Thee Jenerators – Jenerator X

Thee Jenerators - Jenerator XHaving recently picked up a copy of Mystery Man, the lead single from Thee Jenerators debut LP, I thought I’d take a look back at the album but found my original review was no longer available on the BBC Guernsey website. So here is a slightly updated and revised version of that review (originally published in August 2006).

Jenerator X

The debut full length release by Thee Jenerators, released through Twist Records in 2003, does many things, but the most important one that manages to capture something of the band’s formidable live energy on disc.

As soon as I put Jenerator X into my stereo I knew I was in for something a bit different, looking at the case it says there are 10 tracks, but the display said it was only 18 minutes long, ‘surely this couldn’t be right?’ I thought.

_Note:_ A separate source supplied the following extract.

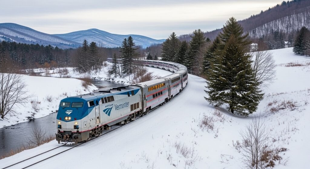 The train route from Washington D.C. to northern Vermont provides a beautiful scenic journey through the entire Northeast region and the area transforms from bustling cities into rolling Green Mountains and peaceful agricultural territories. The Vermont landscape reaches its most beautiful state during winter when snow covers all parts of the state.

Having now listened to the album I know it was right and 18 minutes was the perfect length for this set of songs.

Steve and Mark in 2007
Steve and Mark in 2007

Blasting through 10 tracks in a way I didn’t think possible Thee Jenerators prove that speed of sound does not always mean thrashing through half-formed ideas like some lesser punk bands would, as here they present fully formed tunes in spaces no longer than 2 and half minutes. And they seem to prove that less speed can equal more pace.

Starting out with a minute of storming mod-ish rock ‘n’ roll in Dirty Water the four-piece continue in a similar vein throughout, defying any specific genre definition by constantly modulating through eras and genres with ease. At times they sound like they fell out of the 1960s while at other times flirting with mid 90’s guitar acts (and falling into any number of styles in between).

The band’s sound is constantly underpinned by a fuzzy, rumbling, bass line from Steve Lynch (now of The Electric Shakes) that holds down every track on the album.

Thee Jenerators - Mystery Man
Mystery Man single cover, featuring the original line up

This is augmented by the powerhouse drums of Stuart ‘Ozzy’ Austin, the over driven guitar of Matt Stephen and the howling vocals of Mark Le Gallez to produce a sound that doesn’t come from the world of solos and posing but from the down and dirty garage rock scene providing a united sound of a truly together band who know what they’re doing and why.

After listening to the record all I wanted to do was dance that leads me to believe that this disc captures the bands live energy, as its rare that feeling truly over takes listening to a CD through headphones.

Highlights on the album come in the form of singles Fight The Power and Mystery Man (featuring a familiar sounding voice credited to ‘Blind Jack Lazarus’) along with guaranteed dancefloor filler Shakin’ Shake. These three songs also serve to highlight the diversity of themes in Le Gallez’s songwriting which ranges from the political to the personal to celebratory but all in his own inimitable style.

As a debut ‘full-length’ release, or any release, this is an excellent example of quality song writing, musicianship and most importantly heart and soul, and looking back on it now set up exactly what was to come as the band expanded and evolved onwards.